Everything you will miss about uni now that you’re home for the summer

At least at uni your mum can’t make you empty the dishwasher


Getting used to the fun and freedom of uni life only to return home to live under your parents’ roof in your home town can be pretty confusing and kinda annoying.

It’s great when you first get home and there’s free hot meals every night and your family treats you like you’ve just come back from the dead, but it’s not always like that.

So here we go, get ready to deal with all the things you’re gonna miss so bad about uni life when you return to the motherland.

You don’t have to empty the dishwasher

Chances are you don’t have the luxury of using a dishwasher at uni but at home you know the familiar sound of your mum calling “come down and empty the dishwasher” all too well.

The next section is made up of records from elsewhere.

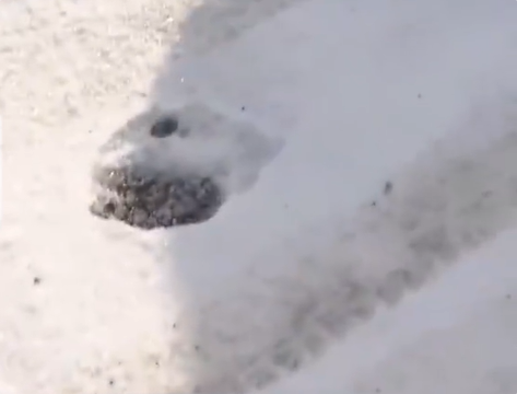 拍摄者表示,当天早上上班前发现院子里的雪地上有看似熊的脚印,储藏室里几箱猕猴桃上也有抓痕。
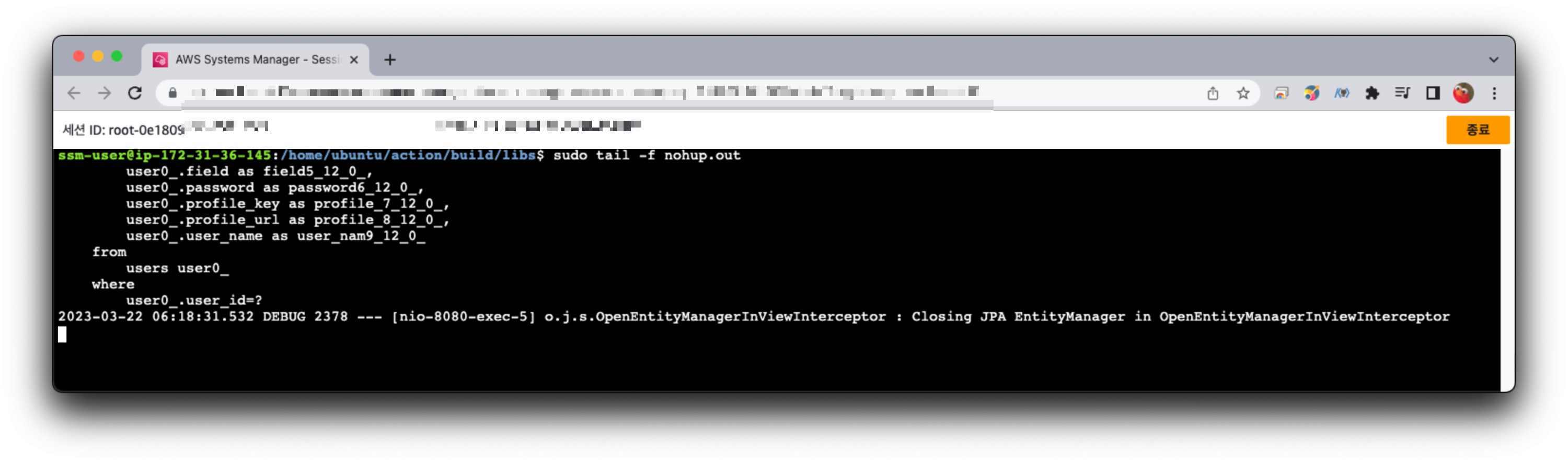 일단 서버에서 무슨 문제가 생겼는지 알아보기 위해 EC2 내 로그 파일을 확인하기로 했다
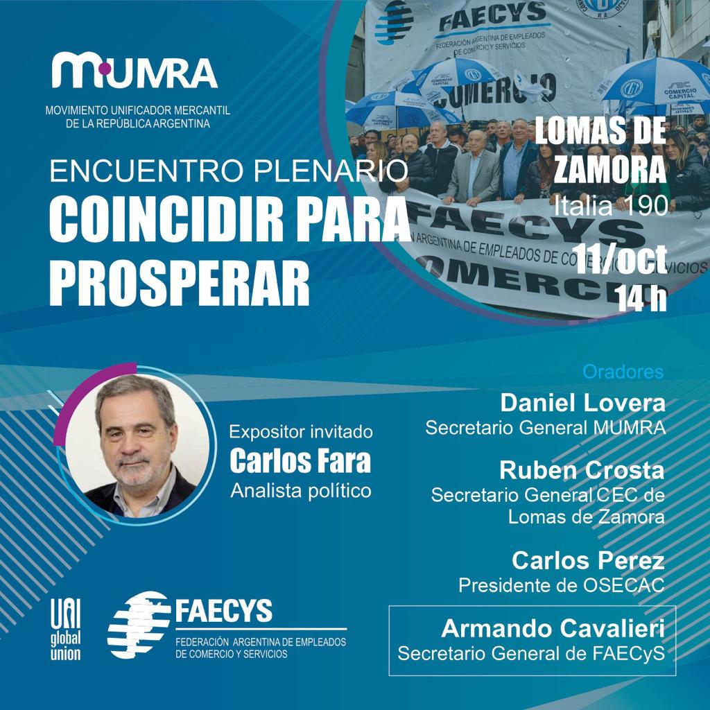 Con el nombre “Coincidir para prosperar”, el encuentro contará con las exposiciones de Carlos Pérez, Presidente de OSECAC, la obra social de los empleados de comercio, Daniel Lovera, Secretario General del MUMRA y del Sindicato de empleados de comercio de Gral. Pico (La Pampa) y Rubén Crosta, Secretario General del CEC de Lomas de Zamora. A ellos se agregará el consultor político Carlos Fara, quien hablará sobre la actualidad política de nuestro país. El cierre estará a cargo de Armando Cavalieri, Secretario General de FAECYS.
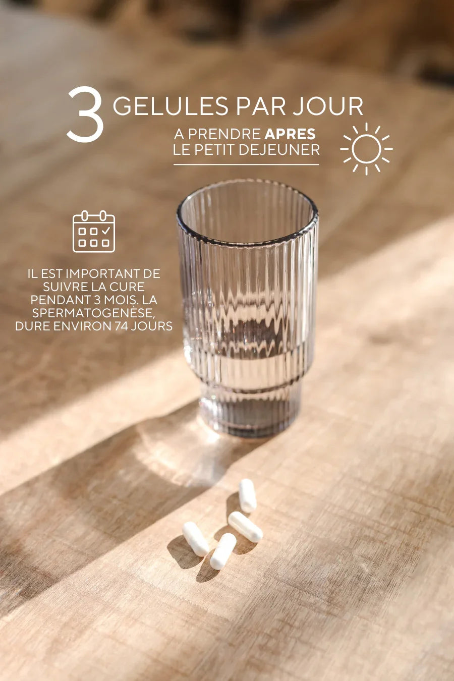 Etape 1 : Prendre 3 gélules le matin, de préférence à jeun ou avec un petit-déjeuner riche en protéines et en bonnes graisses (ex. œufs, avocat, noix) pour une meilleure absorption des vitamines liposolubles (D, E). Idéal pour profiter des effets énergisants de la L-arginine, L-carnitine, ginseng, et coenzyme Q10, qui soutiennent la production d'énergie et la vitalité.
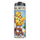 Cette drôle d'illustration présente un bébé poussin enchevêtré dans les lumières de Noël, qui a l'air exaspéré. Deux autres poussins regardent avec indifférence. Un signe humoristique de l'arrière - plan dit : "PAS MON ARBRE, PAS MON PROBLÈME", saisissant avec une touche de sarcasme le côté chaotique et relatif de la décoration des vacances.

It’s fine and you don’t mind but you also kinda do mind and you never want to have to empty a dishwasher again.

Also every teenage child is united in the practice of opening the dishwasher to put dirty plates in, seeing that it is clean and ready to be emptied, and then closing the dishwasher and ignoring it. Basically we’re all just super lazy.

The freedom

The best thing about uni is that you can do whatever you want whenever you want, and you don’t really need to tell anyone where you’re going.

Sometimes it’s good to check in on your housemates and vice versa just to make sure they haven’t been dead in their room for a week, but usually you know when they’re safe because you’re familiar with their footsteps and the sound of them eating cereal in the kitchen.

But home is different. Every time you come home you have to announce your arrival and then you can’t leave without telling the rents when you’ll be home because they actually care if you’re safe – how weird is that. Either way compared to uni it feels like a very kind and caring but controlled prison.

No Uber

I don’t know about you fancy London residents (and other relevant cities with Uber) but a lot of us students will return to our more rural home towns this summer and have to deal with some of the worst public transport the UK has to offer.

Buses are your main option and they will undoubtedly suck. £6.30 for a return ticket and waiting an hour for the bus would seem like an actual joke at uni but at home it’s an all too familiar reality. This means you often have to pretend to be 15 and blag a child’s ticket until you eventually get caught out and have to admit to your old age.

Working 9-5, what a way to make a livin’

Everyone comes back from uni and has to make their dreaded return to their hometown job. You really don’t want to work on the fish counter at Tesco but you need that £££ so that you can blow it all on nights out next year.

It also feels pretty soul destroying to work your way out of your overdraft, because you aren’t even really making money you’re just desperately trying to claw your way back up to £0 again. But we soldier on, because if we can’t afford takeaways and nights out then what kind of uni student are we?

You know everyone in your home town

Uni is great because you can get absolutely plastered and lay on the pavement outside Kasbah and no one will give a shit because chances are they don’t know you. Or maybe a few people know you but it’s ok ‘cos it’s uni and that’s just a sign of a good night out.

But your home town is entirely different. You’ll go for a haircut and your hairdresser will be the girl you sat next to in year 9 French, or you will be sat on the bus and have to look at your phone to awkwardly avoid ex-secondary school best friends, or the dance floor of your local club will have at least two people you’ve got with at any one time.

People you know are everywhere, whereas uni has a calming degree of anonymity. Unless you’re in the SU on a Wednesday. Then you know EVERYONE.